Concentration of economic power makes me nervous, and I’m unpersuaded by the assertion that “”Top researchers just demolished a huge fear about legal pot” in a Brookings study saying, “Worry about bad marijuana—not Big Marijuana.” Big companies selling marijuana will have economies of scale to push prices way down, and political power to oppose tax increases.

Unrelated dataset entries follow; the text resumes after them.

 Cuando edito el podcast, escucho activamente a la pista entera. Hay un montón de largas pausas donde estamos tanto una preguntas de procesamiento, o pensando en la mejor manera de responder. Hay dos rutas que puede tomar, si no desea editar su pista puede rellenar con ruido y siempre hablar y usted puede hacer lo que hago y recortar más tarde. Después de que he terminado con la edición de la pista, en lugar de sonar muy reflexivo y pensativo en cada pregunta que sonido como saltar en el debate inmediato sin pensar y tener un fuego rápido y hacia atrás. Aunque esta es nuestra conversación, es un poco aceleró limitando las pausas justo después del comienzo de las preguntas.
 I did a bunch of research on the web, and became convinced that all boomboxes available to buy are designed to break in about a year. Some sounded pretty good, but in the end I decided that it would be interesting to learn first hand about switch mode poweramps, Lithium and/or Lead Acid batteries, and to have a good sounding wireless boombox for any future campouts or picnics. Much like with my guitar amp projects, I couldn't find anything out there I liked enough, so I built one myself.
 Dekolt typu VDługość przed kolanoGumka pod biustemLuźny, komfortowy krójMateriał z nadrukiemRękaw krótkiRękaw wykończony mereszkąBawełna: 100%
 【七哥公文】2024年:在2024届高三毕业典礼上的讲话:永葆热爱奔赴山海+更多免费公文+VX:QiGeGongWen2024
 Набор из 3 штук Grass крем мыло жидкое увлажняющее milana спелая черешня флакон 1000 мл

Now well organized small businesses, acting in concert, can have plenty of political power, adequate to prevent taxes from going up. Here are a couple of anecdotes, based on my recollections from working for Congress three decades ago, before Citizens United:
The major, multinational oil companies were pretty good at lobbying, but the small, independent producers were said to be extraordinarily successful in keeping tax benefits during the 1986 Tax Reform Act: “1986: President Reagan takes aim at federal tax breaks. Oil and gas is one of few industries to emerge unscathed from the ‘showdown at Gucci Gulch.’ He fails to convince Congress to kill the depletion allowance for most oil wells.” That is an unnuanced take. Percentage depletion was limited to independent companies owned by wealthy individuals (and families) – the majors (Exxon, Mobil, etc.) did not benefit. The story of how a tax break for those independents stayed in at the last minute is told in Chapter 9, on page 229, of the hardback Showdown at Gucci Gulch, by Jeff Birnbaum and Alan Murray. The majors got hit by foreign tax credit changes and other 1986 tighteners that applied to multinationals generally.

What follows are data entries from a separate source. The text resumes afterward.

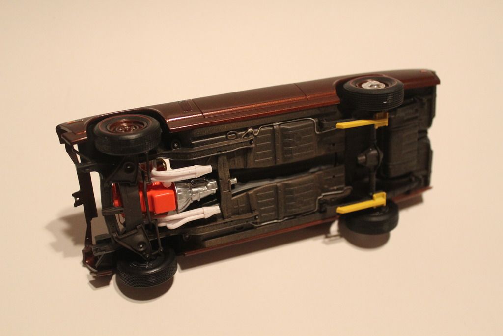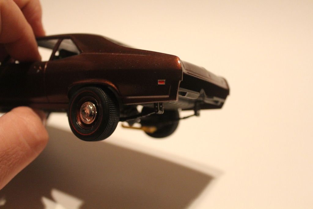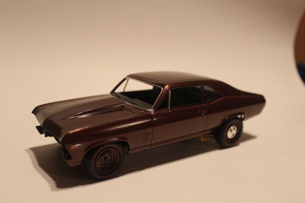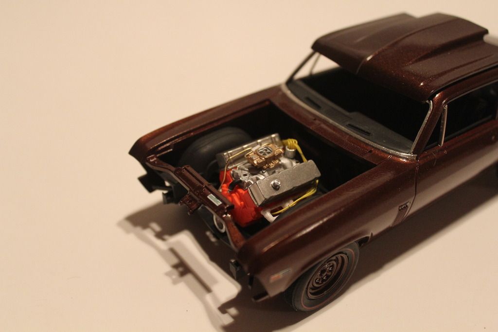 mademan Posted May 30, 2016 Posted May 30, 2016 Ive been working on this Copo Nova for sometime now, doing some detailing here and there. I added some MAS aluminum tall valve covers to the kit 427, and changed out the intake and carb. Added a pre-wired distributor and started on fuel lines etc. The car is painted in Burnished Brown; ive always liked the oddball colors and am a fan of browns. Tires are AMT parts back redlines with kit wheels. I made shackles out of strip styrene to bring the back end up rather than using the generic lift blocks that the kit supplies. I also robbed some traction bars from a Camaro kit they still need to be repainted.
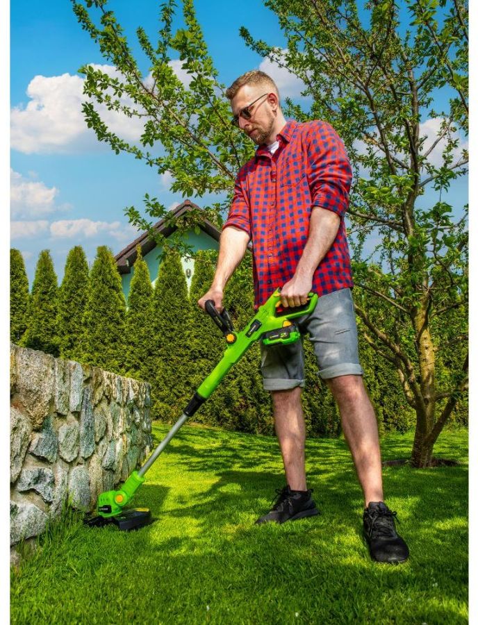 Akumulátorová strunová sekačka si poradí s každou trávou podél cest i v těsné blízkosti plotů a zídek.
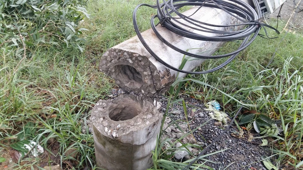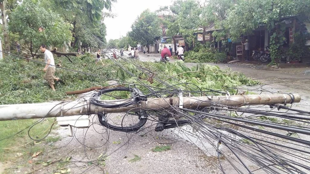 Một trụ điện bị bão quật ngã.
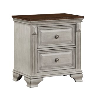 The stately presence of the Marquette Collection is steeped in traditional accenting, culminating in a refined look for your bedroom. The nightstand features frame molding, routed pilasters and a two-tone gray and brown finish over oak veneer. The drawers of the nightstand are accented with antique bronze-finished knob hardware.

In my work on the Hill, the most effective pressure to keep tax breaks for insurance companies came not from the big companies, but from the thousands and thousands of agents, spread through every state and Congressional district. Insurance agents make it a practice to know lots of people, so they seemed to have disproportionate influence. Big business benefited, but from lots of individual effort, not concentration of persuasive power.
Again, those anecdotes predate Citizens United.

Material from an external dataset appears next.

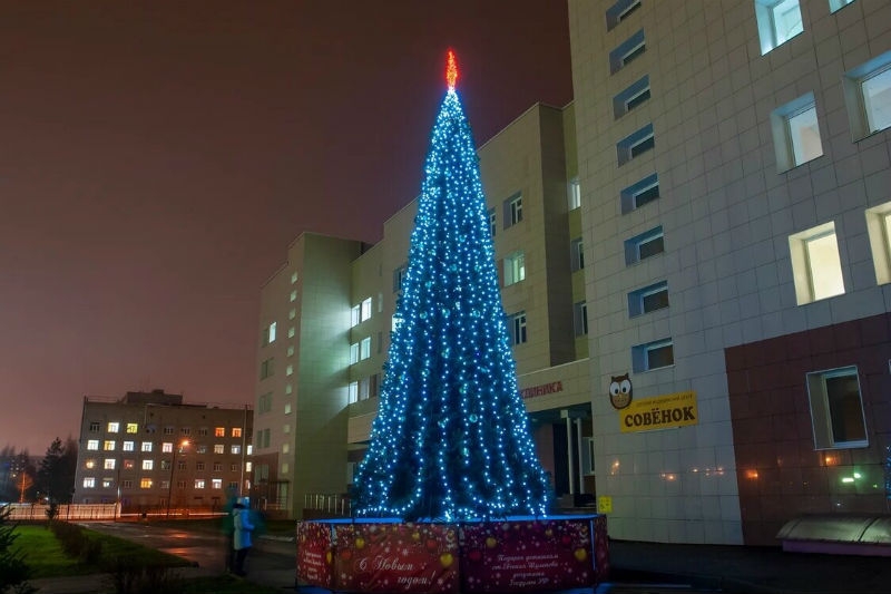 Высота искусственной ели 10 метров, ее украшает 100 больших золотых шаров. На макушке дерева сияет звезда. Елка вызывала интерес не только у маленьких пациентов больницы, для которых сейчас главное развлечение смотреть в окно. Она привлекла внимание и прохожих вологжан. Как рассказали врачи клиники газете "Наша Вологда", елка уже стала популярной фотозоной. Около нее фотографируются и дети, и взрослые, сообщает ИА "СеверИнформ".
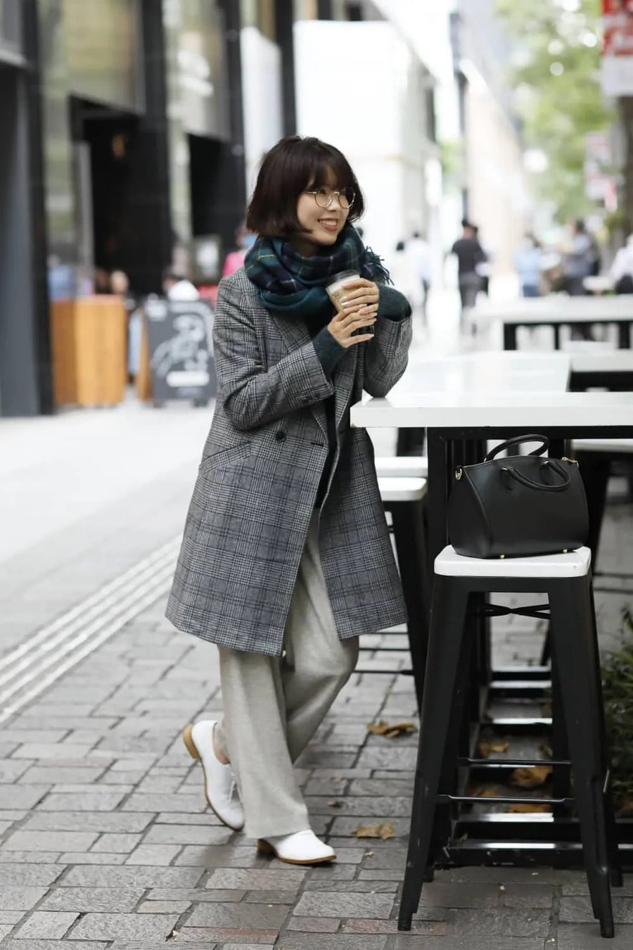 トラディショナルな面持ちのグレンチェック柄は、通勤スタイルもシックに演出。チェック柄に使われているパープルのラインを拾って、スカートをセレクトしました。トップスは、端正な白シャツをブラックのタートルネックニットにレイヤードし、コントラストのある着こなしに。重ね着を楽しめるのもこの季節の醍醐味です。

Sure, big businesses may be easier to regulate and tax than small ones. And corporate employees may have less incentive to cheat than 100-percent owners of businesses, who get every dollar of tax relief personally. But the Sanders campaign shows a lot of concern in this country that big business is calling the shots, to the detriment of the average citizen. To a large extent, these are ideological questions, without correct answers.
UPDATE 30 June: Still thinking about this. Here’s a key point: The tax cases where small business succeeded involved stopping something – saying No. It’s relatively easy to get a large number of small players to say No – to stop a change, or to repeal a law. It’s harder to get them to coalesce around a positive agenda. It’s hard to imagine a group of small soda bottlers convincing the public to drink cola the way Pepsi and Coke have. The advertising and marketing needed to brainwash people are more likely to come from huge, wealthy entreprises.